== Segment start ==

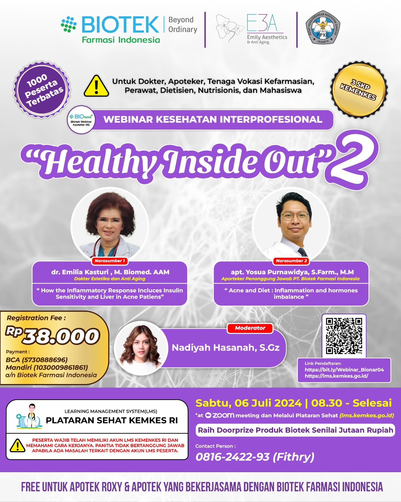 Yuk upgrade ilmu kamu lagi terkait hal ini. Untuk belajar lebih dalam tentang perawatan kulit dan nutrisi untuk perkuat imun sehingga bisa atasi jerawat. Seminar ini akan berlangsung pada:
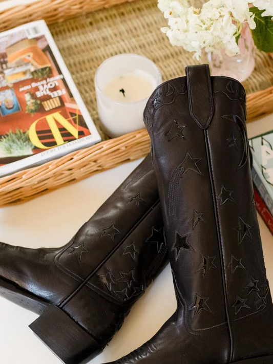 Moon Star Inlay Applique Mid Calf Cowgirl Tall Boots - Black
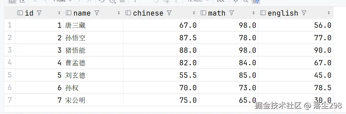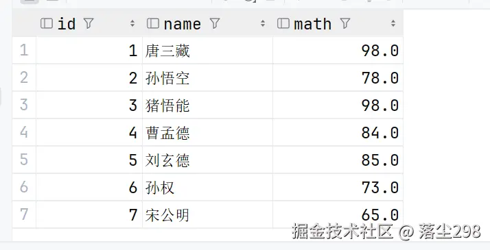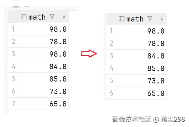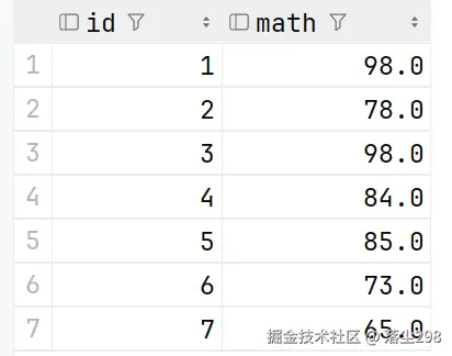 去重查询是通过关键字 distinct 来实现的,在之前的math中,是存在一个重复的98的,我们来试验一下去重查询操作:
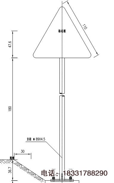 百分之八十以上的單柱式交通標志都是采用鋼管89mm制作,采用熱侵鍍鋅處理,常規(guī)尺寸立柱直徑φ89mm*厚度4.5mm*高度3000mm,基礎(chǔ)法蘭盤400mm*400mm*10mm,地腳螺栓M20*L=710mm。其他常見尺寸有φ76、114、121、140、152、165、180、194、219等都是單柱式標志桿的鋼管直徑,高度則根據(jù)公路規(guī)劃測量高度情況而定。一套標志桿是由立柱、底座法蘭盤、基礎(chǔ)法蘭盤、底座加勁肋、地腳螺栓、螺母、標志牌、抱箍、滑動槽、反光膜等材料組裝而成,基礎(chǔ)挖坑采用混凝土澆筑,一般5-7天則可安裝。
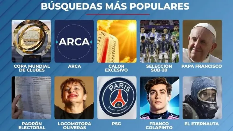 En paralelo, la dinámica política volvió a impactar en los algoritmos, con referencias al padrón electoral y debates institucionales que impulsaron el interés. También se sumaron búsquedas vinculadas al Papa Francisco y al rol del territorio nacional dentro de los grandes acontecimientos globales.
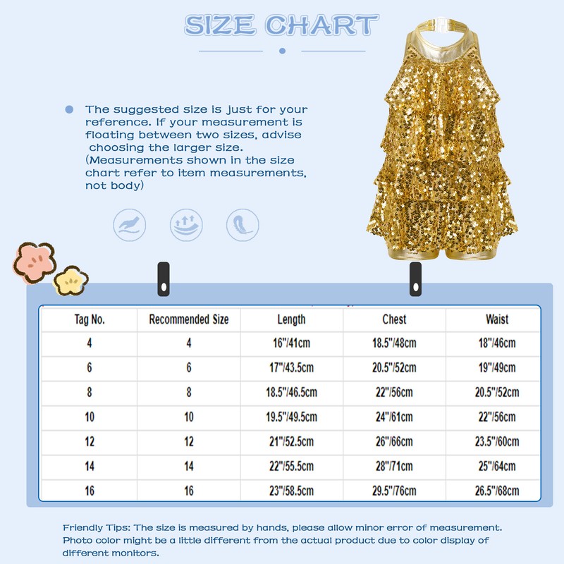 Skin-friendly farics, breathable and comfortable to wear. Beautiful and sparkly dancewear for your princess.

== Segment end ==

### Your goal
From the first line to the last, return the records exactly and leave the pictures behind.

### Result of the exercise
 Yuk upgrade ilmu kamu lagi terkait hal ini. Untuk belajar lebih dalam tentang perawatan kulit dan nutrisi untuk perkuat imun sehingga bisa atasi jerawat. Seminar ini akan berlangsung pada:
 Moon Star Inlay Applique Mid Calf Cowgirl Tall Boots - Black
 去重查询是通过关键字 distinct 来实现的,在之前的math中,是存在一个重复的98的,我们来试验一下去重查询操作:
 百分之八十以上的單柱式交通標志都是采用鋼管89mm制作,采用熱侵鍍鋅處理,常規(guī)尺寸立柱直徑φ89mm*厚度4.5mm*高度3000mm,基礎(chǔ)法蘭盤400mm*400mm*10mm,地腳螺栓M20*L=710mm。其他常見尺寸有φ76、114、121、140、152、165、180、194、219等都是單柱式標志桿的鋼管直徑,高度則根據(jù)公路規(guī)劃測量高度情況而定。一套標志桿是由立柱、底座法蘭盤、基礎(chǔ)法蘭盤、底座加勁肋、地腳螺栓、螺母、標志牌、抱箍、滑動槽、反光膜等材料組裝而成,基礎(chǔ)挖坑采用混凝土澆筑,一般5-7天則可安裝。
 En paralelo, la dinámica política volvió a impactar en los algoritmos, con referencias al padrón electoral y debates institucionales que impulsaron el interés. También se sumaron búsquedas vinculadas al Papa Francisco y al rol del territorio nacional dentro de los grandes acontecimientos globales.
 Skin-friendly farics, breathable and comfortable to wear. Beautiful and sparkly dancewear for your princess.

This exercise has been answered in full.